Facebook başta olmak üzere sosyal paylaşım siteleri, son aylarda gündemimizi meşgul eden, ‘domino etkisi’yle diktatörlüklerin devrilmesinde büyük etken olarak gösterildi. Her ne kadar ‘domino etkisi’ görülen ülkelerdeki internet ve sosyal ağ kullanımının gelişmiş ülkeler seviyesinde olmadığı, sadece ‘sosyal medya devrimi’ olarak bu gelişmeleri değerlendirmenin pek sağlıklı olmayacağı, her şeye rağmen önemli olanın insan faktörü olduğu, sonradan bir görüş olarak genel kabul gördü.
Ortadoğu ve Afrika’da halkı Müslüman olan ülkelerdeki iktidarların değiştirilmesi için bilindiği gibi batının yoğun bir çabası var. Bunun altında yatanın amacının batılı ülkelerin çıkarlarıyla paralel olduğunu sanırım söylemeye bile gerek yok. Bu çabanın aslında 2008’e kadar gittiği, bu ülkelerden aktivistlerin Amerika’da eğitildiği basında yer almıştı. Yine de kısaca hatırlatmakta yarar var.
2008’de New York’ta Genç Hareketler İttifakı Zirvesi (movements.org) düzenlenerek, “dünyanın çeşitli bölgelerinde sosyal değişimler yaratmak adına internet ve sosyal medyayı kullanarak etkili kampanyalar düzenlemek için bilgi alışverişinde bulunmak, eğitim kaynakları ve imkanlarıyla aktivistler arasındaki başarılı eylemleri ve deneyimleri paylaşmak” amaç olarak açıklanmıştı.
‘Domino etkisi’ ya da ‘Sosyal medya devrimleri’ denilen bu hareketlerin kendiliğinden geliştiğini, bugüne kadar özgürlük arayışında olmayan bu halkların ne hikmetse hemen hemen aynı anda ‘devrim’e susadığını kabul etmek mantıklı değil. Bu halkların taleplerine saygı duymakla beraber, peşpeşe yaşanan bu kadar gelişmelerin ‘tesadüf’ olduğuna inanmak mümkün değil. Hayat tesadüflerle doludur ama bu kadar da değil.

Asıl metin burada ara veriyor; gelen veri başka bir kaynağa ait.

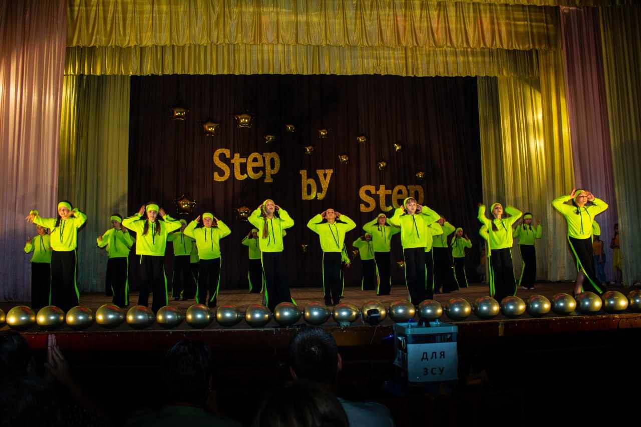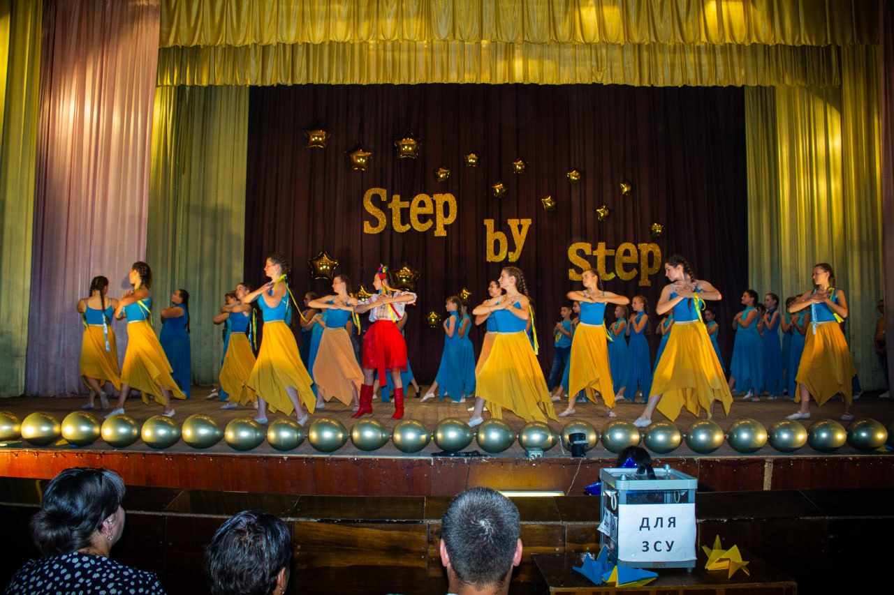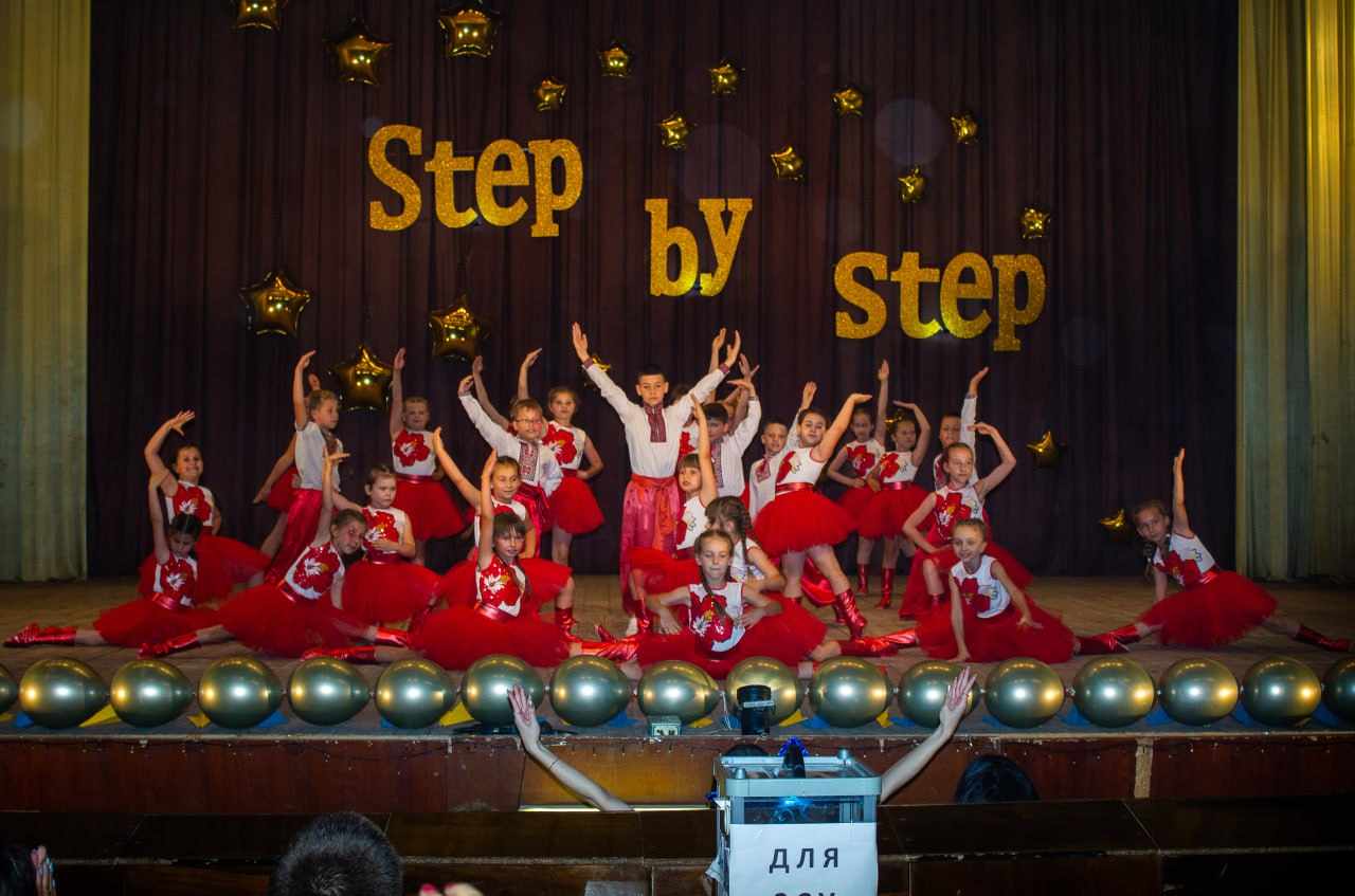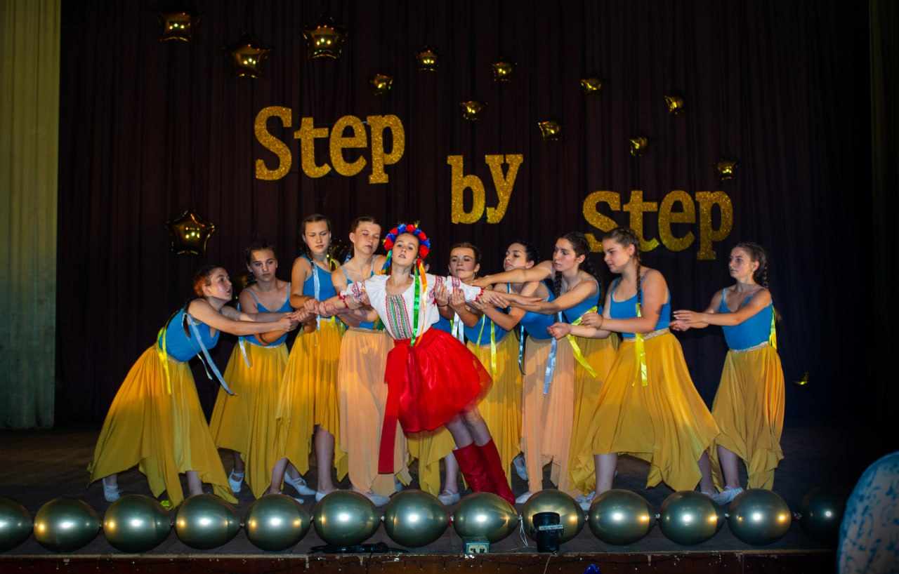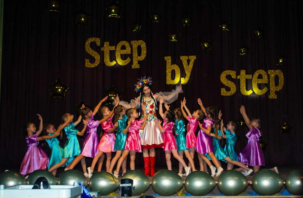 «Чесно кажучи, не планувала вiдкривати колектив i залишатись в Помiчнi. У мене в Києвi був мiй колектив 50 дiток, але так як почалась вiйна i я мусила їхати додому i все надiялась ось-ось повернусь назад. Так вийшло, що попросили мене поставити на День Перемоги танець всi надiялись, що вона буде геть незабаром i я три мiсяцi займалась з дiтками, щоб поставити наш перший танець «Ми за мир»!,- говорить сама хореографиня, – пройшли канiкули i я прийняла рiшення залишатись в Помiчнi i вiдкривати свiй колектив. За три мiсяцi занять стали дiтки менi дуже близькими i з вересня мiсяця ми почали працювати. Зараз в колективi 120 дiток. Назва колективу STEP BY STEP – це моє кредо по життю, крокувати i не зупинятись на досягнутому завжди вперед i вiрити в себе».

Aslı bu satırları yazmaya başlamamın nedeni, Radikal gazetesinde yer alan, “Beyaz Saray’dan gazeteciye tehdit” başlıklı haberin düşündürdükleri. Geçtiğimiz günlerde ‘sosyal medya devrimleri’nin ‘karargâh’ı Facebook’u ziyaret eden ABD Başkanı Barack Obama, meğerse burada protesto edilmiş. San Francisco’da 200 kişinin katıldığı etkinlikteki protestonun nedeni, Wikileaks’e bilgi sızdırdığı iddia edilen er Bradley Manning’e yapılan kötü mualemeymiş.

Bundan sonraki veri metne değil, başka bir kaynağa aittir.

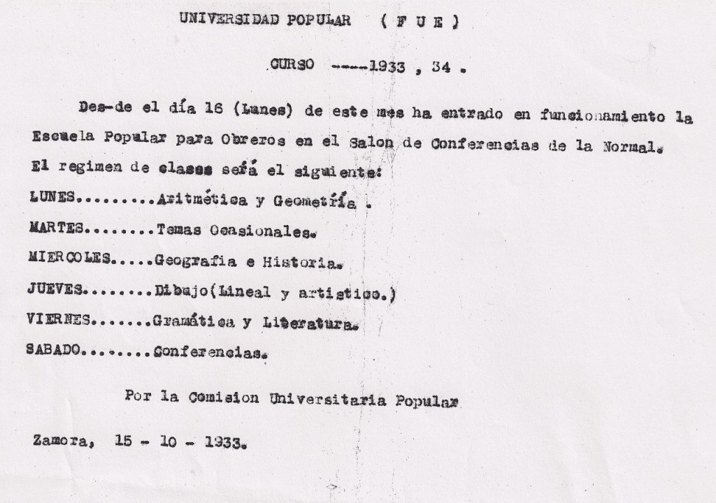 Programación de la Universidad Popular de Zamora, curso 1933-34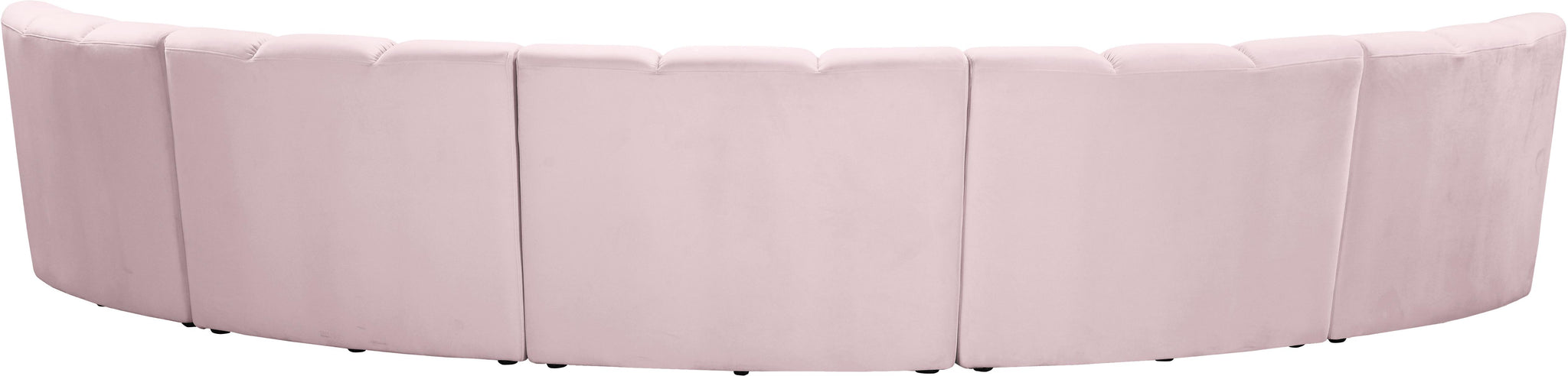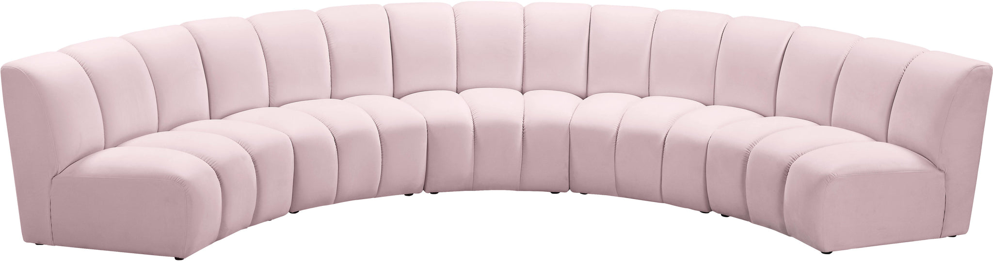 Create a seating group that works for every possible situation with this Infinity modular 5-piece sectional and other pieces in the Infinity collection. Upholstered in soft pink velvet material that feels great against the skin and offers long-wearing beauty, this piece fits with other Infinity items for an infinite number of combinations that get your seating requirements just right but that look just as nice when used on their own.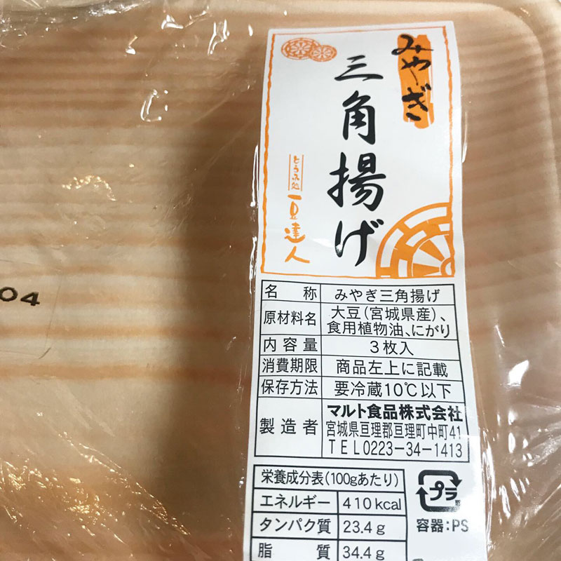 お揚げをカリカリに焼いてわさび醤油で食べるのは定番つまみのひとつだけど、マルト食品の宮城三角揚げに出会ってから浮気しないでこれ一点買い。外、カリカリ、中しっとりの感じがこれより美味しいの見つからない。んまー。

Protestonun ardından basına pek de yansımayan bir gelişme yaşanmış. Sınırsız iletişim özgürlüğünü savunan, bu özgürlük ortamını da kendi lehine kullanan ABD yönetimi, Obama’nın Facebook’ta protesto edilmesini hem haber yapan hem ve videoya kaydederek yayınlayan San Francisco Chronicle muhabiri Carla Marinucci adlı gazeteciyi tehdit etmiş. Beyaz Saray, haberine video ekleyen gazetecinin kuralları ihlal ettiğini iddia ederek gazetecinin haber alma hakkını askıya almış.

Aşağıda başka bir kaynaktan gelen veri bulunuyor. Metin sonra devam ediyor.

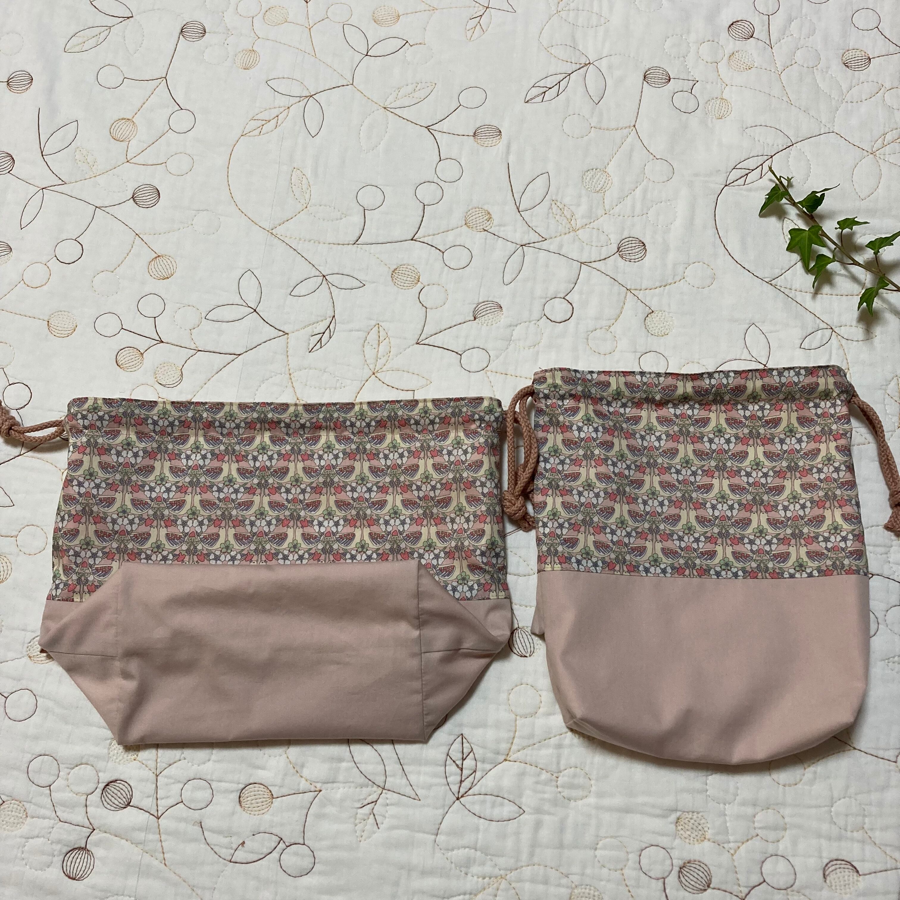ハンドメイド お弁当袋 コップ袋 2点セット リバティ ストロベリーフィースト 入園入学準備グッズ チェックアンドストライプ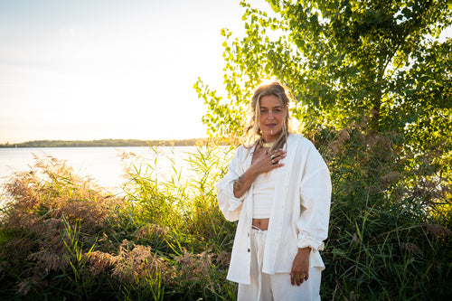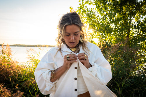 Das Sun Veil Shirt ist ein leichter Klassiker – Oversize geschnitten, aus reinem Leinen und mit Knöpfen aus recycelten Kokosschalen. Natürlich, schlicht und zeitlos.

Bu tehditle, ABD’nin özgürlük propagandalarının ne kadar aldatmaca olduğunu bir kez daha görmüş olduk. İletişim özgürlüğünün sadece ABD çıkarlarının gerektirdiği çerçeve içerisinde ve sözde kaldığını anlamak için biraz gözlem yapmak yetiyor.
Bu arada, geçtiğimiz günlerde 3. İntifada için Facebook’ta açılan sayfanın kapatılmasını da hatırlatmak gerekiyor. ABD, sosyal ağların Ortadoğu ve Afrika’da yönetime karşı koyan halklar tarafından kullanılmasını destekler ve internetin kullanımını teşvik ederken, özgürlük isteyen taraf Filistin olunca 3. İntifada sayfası bir çırpıda kapatılabiliyor. Sahi, ABD maden özgürlük akımlarına bu kadar hevesli, Filistin halkının özgürlük taleplerine de biraz ilgi gösterse, Facebook’u uyarsa ya.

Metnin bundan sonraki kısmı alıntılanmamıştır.